The CSIRT methodology

Print Friendly, PDF & Email

If you have read my blog carefully, the article about the C4ISR Methodology will surely stick in your mind. Many of the military procedures we can take for our plan – to build a functioning SOC / CSIRT / forensics team of course with some changes.

Let’s define the necessary elements:

SOC (according to English Wikipedia, italic: according to my methodology)

A Security Operations Center (SOC) is a central unit that deals with security issues at the organizational and technical levels. An SOC in a building or facility is a central location from which personnel monitor the site using data processing technology. Typically, an SOC is equipped for access control and control of lighting, alarms and vehicle barriers.

An Information Security Operations Center (ISOC) is a dedicated site that monitors, evaluates, and defends enterprise-wide information systems (Web sites, applications, databases, data centers, and servers, networks, desktops, and other endpoints).

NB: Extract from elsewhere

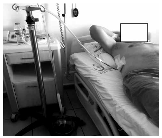
Figure 1. Chest drain is hooked up over a drip-stand allowing air to escape, while blood pleurodesis remains within the chest.

Statistical analysis was performed using the IBM SPSS version 25.0 software (IBM Corp., Armonk, NY, USA). Data were presented in mean \pm standard deviation (SD), median (min-max), or number and frequency. The chi-square test, Fisher's exact test, independent samples t-test, and Mann-Whitney U test

The SOC analyzes the events made available by the IT security assets and identifies incidents that need to be processed. In a multi-stage escalation procedure, these are processed by the SOC with the help of best-practices, own knowledge or with the help of a knowledge base and transferred to the appropriate departments for elimination by means of a ticket system. If the SOC does not manage to solve the incident on its own, the SOC hands over the incident to the CSIRT for further analysis and resolution.

 

CSIRT or CERT (according to German Wikipedia, according to my methodology)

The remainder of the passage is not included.